Rabbimiz bu düzenin bozulmasından dolayı insanoğlunu sorumlu tutar ve bazı acı faturaların insanoğluna kesileceğini bildirir. Bunu da yaparken azap etme değil, Onu ebedi azaptan kurtarmak için uyarma amaçlı yaptığını söylüyor. Rabbimiz bizi ne kadar da düşünüyor. Daha büyük bir felaketten önce belki dönerler diye "bazılarını tattırırız" buyuruyor. Bunun anlamı " Siz eğer durumunuzu düzeltirseniz, tövbe-i istiğfar yapar yeryüzünü ifsad değil, imar ederseniz rahmetimi ve bereketimi ihsan ederim" diyor. Dolayısıyla büyük bir hastalığın habercisi olan baş ağrısı bize önceden verilmiş bir nimettir. Çünkü hastalık büyümeden hemen tedbirini alalım ve erkenden tedavisine başlayalım. Tövbe ve istiğfarla Allah'a yönelme, Rabbimizin katından yağmur ve kar yağışı olarak karşılık buluyor: "Ey kavmim!

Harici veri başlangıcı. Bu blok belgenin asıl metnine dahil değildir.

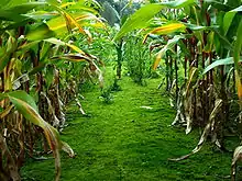 Au Mexique, cette technique maya est appelée « milpa », terme dérivé de la phrase en nahuatl mil-pa signifiant « Ce qui est semé dans les champs »[8] (du Nahuatl mil-li « champ » + -pa « vers »)[9].
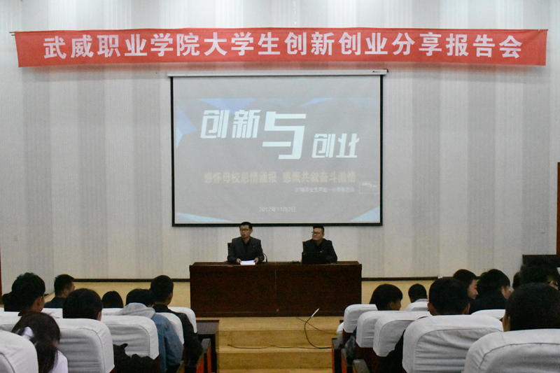 為進一步提升我院大學生的綜合素質(zhì)和創(chuàng)新、創(chuàng)業(yè)能力,培養(yǎng)大學生的創(chuàng)業(yè)意識、思維和技能,增強大學生的專業(yè)信心及創(chuàng)業(yè)信心,以創(chuàng)業(yè)帶動就業(yè),正確引導(dǎo)同學們以健康積極的心態(tài)開展創(chuàng)新、創(chuàng)業(yè)及就業(yè)活動。2017年11月2日,我院07級優(yōu)秀畢業(yè)生蘆超創(chuàng)業(yè)就業(yè)分享報告會在學院正德廳隆重舉行。本次大會由創(chuàng)新創(chuàng)業(yè)中心承辦,我院07級畢業(yè)生蘆超,現(xiàn)任甘肅擺渡人文化發(fā)展有限公司總經(jīng)理、武威職業(yè)學院大學生創(chuàng)業(yè)導(dǎo)師、共青團創(chuàng)業(yè)宣講團成員、甘肅菜鳥電子商務(wù)有限公司特聘講師,應(yīng)邀出席并做了精彩的報告。全院師生二百多人參加了此次大會,報告會由雙創(chuàng)中心胡建宏老師主持。
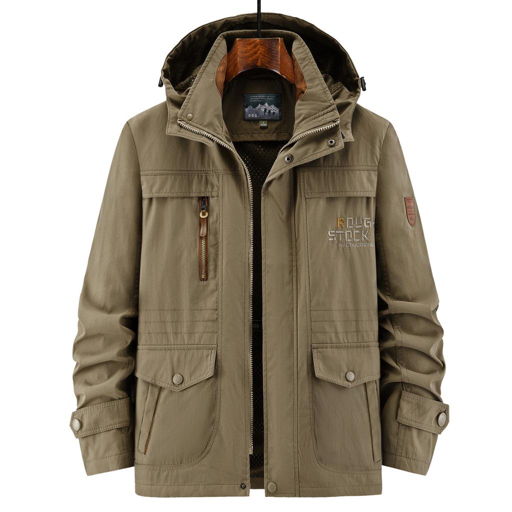 Jacke in Übergröße Herren Baumwolljacke Herbst Dünn Outdoor Winddicht Mehrfach-Taschen Anzug
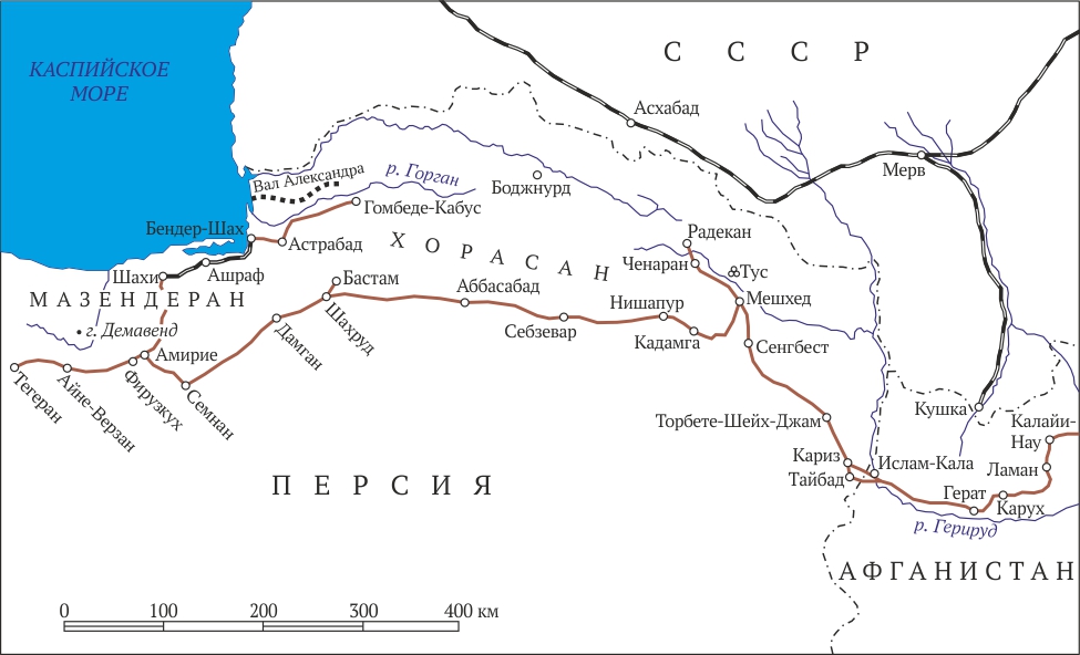 Через один фарсах мы приехали в маленький городок Сераскенд со старинной кирпичной чайханой. Купили немного винограда в магазине, где продавались баварские карандаши, стальные писчие перья и отрезы ситца. Во второй половине дня мы были в Даш-Булаге и там отдохнули у ручья с прекрасным видом на серое скопление глинобитных домов, конусы башен с накиданным на крыши навозом и высокие белые стволы золотисто-зелёных деревьев на фоне оголившихся розовых холмов.
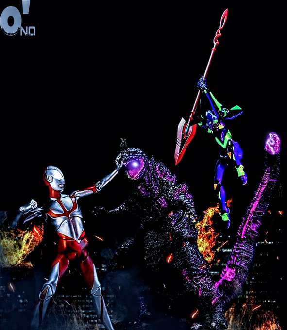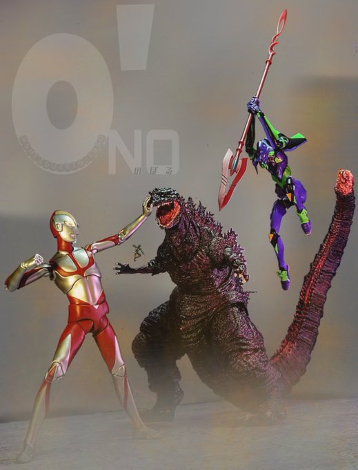 ざっくり合成と編集をして完成へ🎞️ ちなみにスモークっぽいのも全部イラスト🖌️ #オモ写 #Toyphotography #のぼふぉとオフショット #SJHU #GODZILLA #エヴァ #ULTRAMAN #仮面ライダー
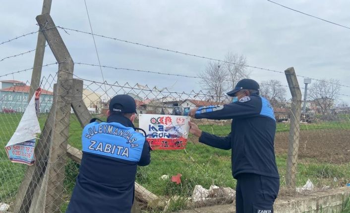 İlçe genelinde izinsiz reklam ve ilan görsellerinin asılması ile ilgili uygulama yürüten Süleymanpaşa Belediyesi Zabıta Müdürlüğü ekipleri, gerekli izinler alınmadan uygun olmayan yerlere asılan görselleri toplayarak imha etti.
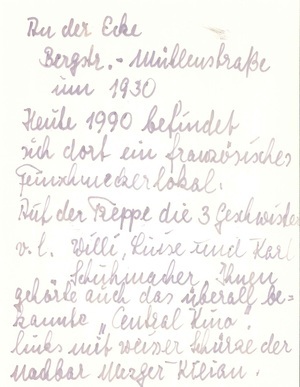 Schwarzweißfotografie. Dieses Bild, aufgenommen in den 1930er Jahren, zeigt den Gasthof "Erholung", gelegen an der Bergstraße Ecke Mühlenstraße in Bendorf. Auf der Treppe stehend zu erkennen sind die drei Geschwister und Inhaber des Gasthofes Luise, Willi und Karl Schuhmacher. Ihnen gehörte auch das direkt neben dem Gasthof ansässige Bendorfer Zentralkino. Ganz links abgebildet mit der weißen Schürze am Treppengeländer lehnend ist Metzgermeister und Nachbar Kilian.

Rabbinizden bağış dileyin; sonra da O'na tevbe edin ki, üzerinize göğü (yağmuru) bol bol göndersin ve kuvvetinize kuvvet katsın. Günah işleyerek (Allah'tan) yüz çevirmeyin." (Hud,52)

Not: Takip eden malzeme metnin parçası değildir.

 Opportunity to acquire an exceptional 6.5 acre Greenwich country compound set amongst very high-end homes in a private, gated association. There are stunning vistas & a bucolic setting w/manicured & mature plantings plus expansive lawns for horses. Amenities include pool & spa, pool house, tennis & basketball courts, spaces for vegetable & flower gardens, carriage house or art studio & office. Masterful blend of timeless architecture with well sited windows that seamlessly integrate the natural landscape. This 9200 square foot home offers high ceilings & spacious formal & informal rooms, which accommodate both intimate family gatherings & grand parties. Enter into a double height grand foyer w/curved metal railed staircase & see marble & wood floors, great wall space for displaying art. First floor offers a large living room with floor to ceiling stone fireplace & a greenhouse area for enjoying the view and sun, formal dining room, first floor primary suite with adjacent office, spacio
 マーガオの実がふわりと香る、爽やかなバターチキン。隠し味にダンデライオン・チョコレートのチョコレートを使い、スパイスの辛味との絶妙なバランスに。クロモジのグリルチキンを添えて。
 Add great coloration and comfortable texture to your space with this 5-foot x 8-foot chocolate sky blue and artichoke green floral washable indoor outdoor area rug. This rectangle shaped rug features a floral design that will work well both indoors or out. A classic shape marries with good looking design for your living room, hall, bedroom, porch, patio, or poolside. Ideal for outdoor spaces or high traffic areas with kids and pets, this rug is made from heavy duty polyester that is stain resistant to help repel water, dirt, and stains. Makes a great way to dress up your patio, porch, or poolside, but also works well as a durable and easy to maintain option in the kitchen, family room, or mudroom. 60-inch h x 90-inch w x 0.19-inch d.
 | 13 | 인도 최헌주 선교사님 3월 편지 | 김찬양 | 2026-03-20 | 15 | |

Uzun bir süredir hasret kaldığımız kar ve beraberinde yağmur elhamdülillah yağmaya başladı. Demek ki toplum olarak Rabbimiz katında bu rahmete layık görüldük. Bu Yağan kar ve yağmur Rabbimizin bize cömertçe ikramıdır. Yoların kapanması, elektriklerin gitmesi, geceleyin tipi ve fırtınaya dönüşmesini sakın eziyet olarak görülmesin. Bizim bu eziyeti nimet sayanlar var. Karın çok yağması o yılın bolluk ve bereket içerisinde geçirileceğine işarettir. Bizler Halep için büyük bir seferberlik başlattık. mağdur ve mazlum insanlık için ayağa kalktık. Rabbimiz de gök kapılarını açtı. Bu kar yağışı önümüzdeki aydınlık günlerin müjdecisidir inşaallah. Yüce Rabbimiz ne güzel buyuruyor: "Eğer siz iman eder ve şükrederseniz, Allah size neden azap etsin! Allah şükre karşılık veren ve her şeyi bilendir. (Nisa,147) Rabbim bizleri havasız, susuz, vatansız, imansız bırakmasın.